Prof Vallabhaneni Sita Rama Das (5 February 1933 – 9 December 2010) was an Indian botanist and a fellow of Indian National Science Academy.

==Early life and education==
Rama Das was born on 5 February 1933 into an agriculture family in Gudlavalleru. Vankatappayya and Ratnamma were his father and mother. His family was into farm ownership. He did his BSc from Hindu College, Machilipatnam in 1951. He obtained his MSc in botany from Delhi University in 1953.

==Career==
After finishing his M.Sc, Rama Das went to Sweden to work with mycologist Elias Melin at Institute of Physiological Botany, Uppsala University. At University of Uppsala, Rama Das worked on physiology of tree mycorrhiza. After that, Rama Das obtained DPhil in 1957 from the University of Oxford. For his D.Phil, he worked on metabolism of isolated chloroplasts. He did this study under Professor WO James. Then he worked at the University of Allahabad as Assistant professor of botany from 1957 to 1959. After that, he started his career at the SV University, Tirupati, as lecturer. He was later promoted to reader, then professor, and then head of the Botany Department. He also worked as dean, Faculty of Sciences, principal of the University College and later as rector at the SV University. He worked at SV University until 1988. He visited the University of California at Berkeley in 1959 to work with Professor Daniel Arnon. He also worked at the Memorial University of Newfoundland St. John’s NFLD, Canada, in 1967-69. He worked at the Central University at Hyderabad from 1988 to 1993 in the School of Life Sciences, where he was also CSIR Emeritus Scientist and professor emeritus till 1999. Thereafter, he served as visiting professor in Biotechnology at Nagarjuna University till 2005.
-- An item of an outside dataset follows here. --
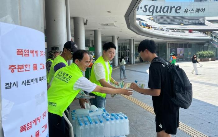 광주광역시(시장 강기정)는 6일 유스퀘어에서 여름철 온열질환을 예방하기 위한 ‘여름나기 물나눔 캠페인’을 전개했다.이번 캠페인은 폭염 대비 행동요령을 알려 온열질환 등에 대한 시민 경각심을 높이고 폭염 피해를 최소화하기 위해 마련됐다.캠페인은 지역자율방재단연합회와 광주

==Scientific contributions==
Rama Das’s doctoral work was on photosynthesis and it resulted in isolation of biochemically pure chloroplasts for the first time, uncontaminated by the mitochondria. His main research activity was in the area of plant physiology covering photosynthesis. He carried out research in relation to foliar solar tracking behavior and photosynthesis. In 2004, he published a monograph on photosynthesis. Under his guidance, twenty students researched in plant physiology and obtained PhD from the SV university. He conducted several research projects as the principal investigator. These projects were sponsored by the Department of Atomic Energy, Government of India, Indian Council of Agricultural Research, US Department of Agriculture, Department of Science and Technology, Government of India and United Nations Environment Programme. He has authored over 200 research papers.

==Personal life==
Rama Das married Ahalya Vemuri on 22 June 1951. They had a daughter, Kausalya Yarlagadda and son, Ravi Vallabhaneni.

==Death==
Rama Das died on 9 December 2010.

==Honours and awards==
Rama Das was awarded for Outstanding Achievement in Biological Sciences by FICCI for the year 1978. He received the Birabal Sahni Gold Medal by Indian Botanical Society in 1985. He was awarded JJ Chinoy Memorial Medal by Indian Society for Plant Physiology in1979. He was honored with Honor Summas Medal by Watumull Foundation, USA for the year 1987. He was awarded JC Bose Award by UGC for the year 1991 and the professor SB Saksene Memorial Award by INSA in 1996. He was president of the Indian Society for Plant Physiology for the year 1973 and Andhra Pradesh Akademi of Sciences for the year 1978-79. He was UGC National Lecturer in Botany twice, once in 1978-79 and the second time in 1985-86. He was also elected Fellow of the Indian Academy of Sciences, Bangalore; and the National Academy of Agricultural Sciences, New Delhi.